Vladimir Putin has started a nationalist movement that may backfire, said a political analyst.
Tatiana Stanovaya wrote that such nationalism could force Putin to be more aggressive policywise.
Stanovaya also outlined several assumptions by the West about Putin that she sought to debunk.
Russian President Vladimir Putin has “awakened a dark nationalism” within Russia that he has become increasingly dependent on, said a Russian political scholar and analyst.
“The truth is that Putin is more afraid of pro-war protests and has to take into account the eagerness of many Russians to see the destruction of what they call Ukrainian Nazis,” wrote Tatiana Stanovaya — the founder of the political analysis firm R.Politik and a nonresident scholar of the Carnegie Endowment for International Peace — in an essay for Foreign Policy published on Wednesday.

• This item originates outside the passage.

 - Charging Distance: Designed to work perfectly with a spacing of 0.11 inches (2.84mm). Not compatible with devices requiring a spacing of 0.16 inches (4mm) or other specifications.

Since the start of the Ukraine war, Putin has baselessly claimed that Russia’s invasion is aimed at the “demilitarization and de-Nazification” of the country.

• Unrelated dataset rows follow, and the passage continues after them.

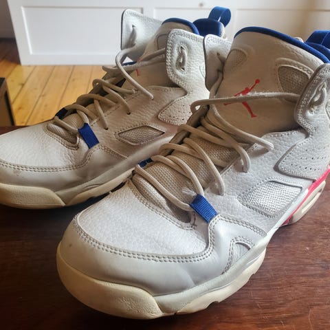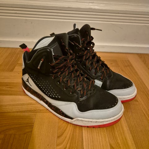 Jeg sælger et par Nike Air Jordan Flight 9.5 i en størrelse 42. De er god brugt med slid på indersiden af højre hæl og de har ikke originale såler.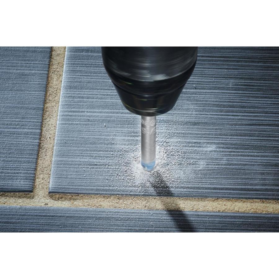 Multigrind head – designed with multiple cutting edges for harder tile materials Fast drilling in hard materials – delivers 20 percent faster drilling than glass and tile bit Specialized carbide tip – centers for no-skate drilling and greater ease of use High-quality carbide material – provides longer life in hard materials Three flat shank on 3/8 In. bits and above – offers outstanding bit grip to avoid slippage Engineered for use in natural stone tile, slate, granite and other specialty tile materials (specialty tiles that may be harder than normal tile) Not recommended for use on porcelain tiles Also compatible with hammer drills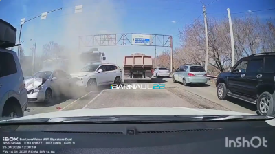 Массовая авария с бетономешалкой произошла на Павловском тракте днем в субботу, 25 апреля. Кадры инцидента опубликовал Barnaul 22.
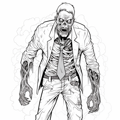 adult coloring book, line art, white background, black, thick outline, zombie, full body zombie,

“This is extremely important: Putin has awakened a dark nationalism he is more and more dependent on,” Stanovaya wrote, per the outlet.
She added, per Foreign Policy, that the Russian public’s growing penchant for nationalism could eventually prompt Putin to escalate matters and become even more “hawkish and resolute.”
“Whatever happens to Putin, the world will have to deal with this public aggression and anti-West, anti-liberal convictions that make Russia problematic for the West,” she wrote, per the outlet.
The West’s belief that Putin is worried about anti-war sentiment is one of several misguided assumptions about the Russian leader that Stanovaya sought to correct in her piece.
Per Foreign Policy, Stanovaya also wrote that the West is incorrect to assume that Putin has been purging his inner circle and senior officials for their failures in the war in Ukraine. She added that rumors of Putin’s top officers being arrested have not come from verified sources and that she viewed such speculation with “extreme skepticism.”
“Putin is likely upset and disappointed with his staff, but it’s not his style to purge his inner circle unless serious crimes have been committed,” Stanovaya wrote, per the outlet.
Regarding Putin’s view of Russia’s progress in the war, she wrote, per Foreign Policy: “In Putin’s eyes, he is not losing this war. In fact, he likely believes he is winning — and he is happy to wait until Ukraine concedes that Russia is here forever.”